Member of the National Assembly of Pakistan
- In office 1 June 2013 – 31 May 2018
- Constituency: NA-106 (Gujrat)

Personal details
- Born: 2 September 1972 (age 53)
- Party: Pakistan Muslim League (N)

= Chaudhry Jaffar Iqbal =

Pakistani politician (born 1972)

Chaudhry Jaffar Iqbal (born 2 September 1972) is a Pakistani politician who served as Minister of State for Maritime Affairs, in the Abbasi cabinet from August 2017 to May 2018. He had been a member of the National Assembly of Pakistan, from June 2013 to May 2018.

==Early life==
He was born on 2 September 1972.

==Political career==

He ran for the seat of the Provincial Assembly of Punjab as a candidate of Pakistan Muslim League (N) (PML-N) from Constituency PP-113 (Gujrat-VI) in the 2002 Pakistani general election, but was unsuccessful. He received 26,556 votes and lost the seat to a candidate off Pakistan Muslim League (Q) (PML-Q).

He ran for the seat of the Provincial Assembly of Punjab as a candidate of PML-N from Constituency PP-113 (Gujrat-VI) in the 2008 Pakistani general election, but was unsuccessful. He received 34,705 votes and lost the seat to Mian Tariq Mehmood.

He was elected to the National Assembly of Pakistan as a candidate of PML-N from Constituency NA-106 (Gujrat-III) in the 2013 Pakistani general election. He received 83,024 votes and defeated an independent candidate, Syed Noor Ul Hassan Shah. During his tenure as Member of the National Assembly, he served as the Federal Parliamentary Secretary for Defence.

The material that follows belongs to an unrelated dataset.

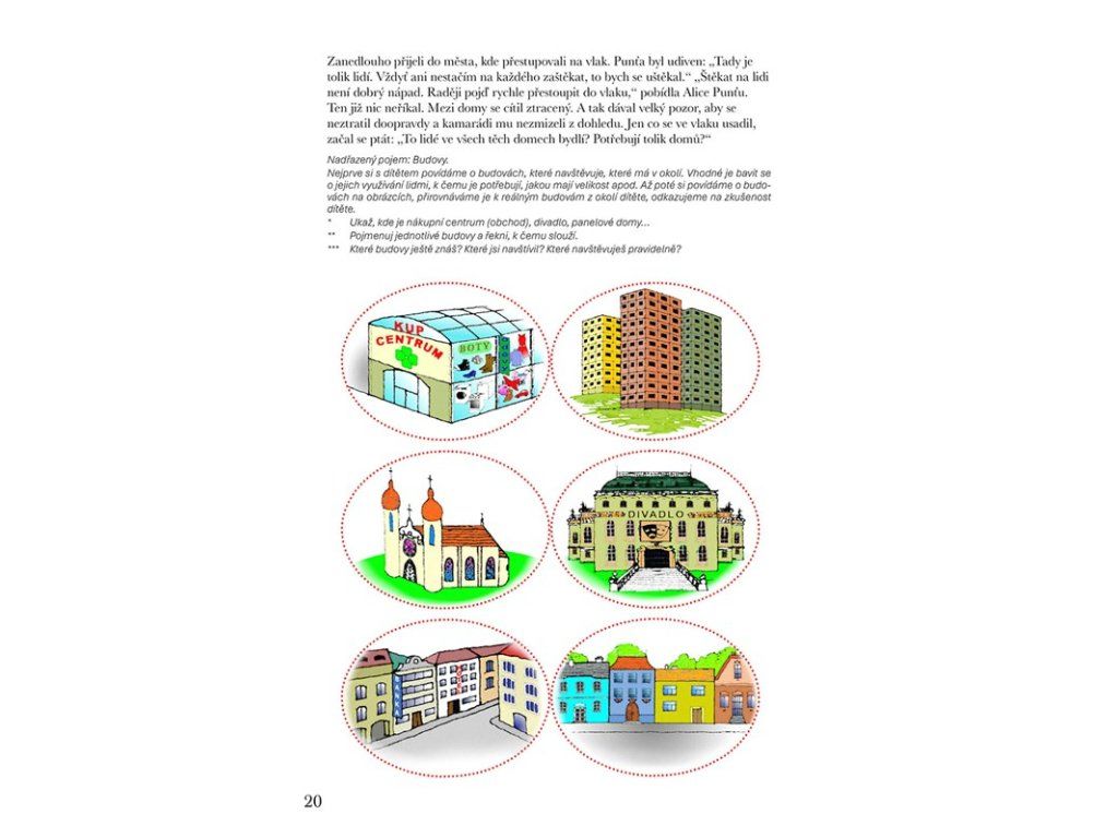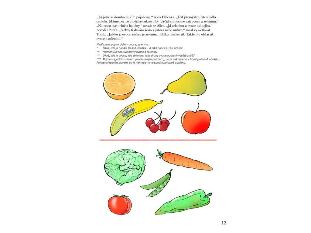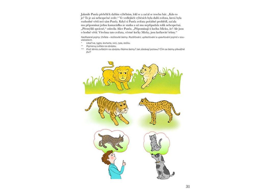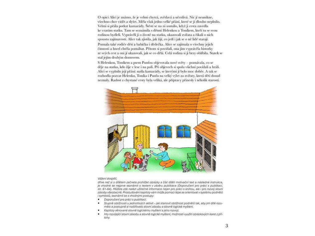 * Především systém podnětů pro rozvoj řeči a slovně logického myšlení formou povídání, her a dalších aktivit. Řazení činností kopíruje a respektuje vývojové fáze slovní zásoby a porozumění řeči od pasivní úrovně po aktivní slovník. Náročnost úkolů se stupňuje od těch pro dítě méně obtížných po obtížnější, představující vývojově vyšší roviny. Náměty jsou nabízeny tak, jak se dítě s pojmy a situacemi může setkávat. Je vytvářen prostor k propojování jednotlivých informací, přemýšlení ve vzájemných vazbách a souvislostech.

Following the election of Shahid Khaqan Abbasi as Prime Minister of Pakistan in August 2017, he was inducted into the federal cabinet of Abbasi. He was appointed the Minister of State for Maritime Affairs. Upon the dissolution of the National Assembly on the expiration of its term on 31 May 2018, Iqbal ceased to hold the office as Minister of State for Maritime Affairs.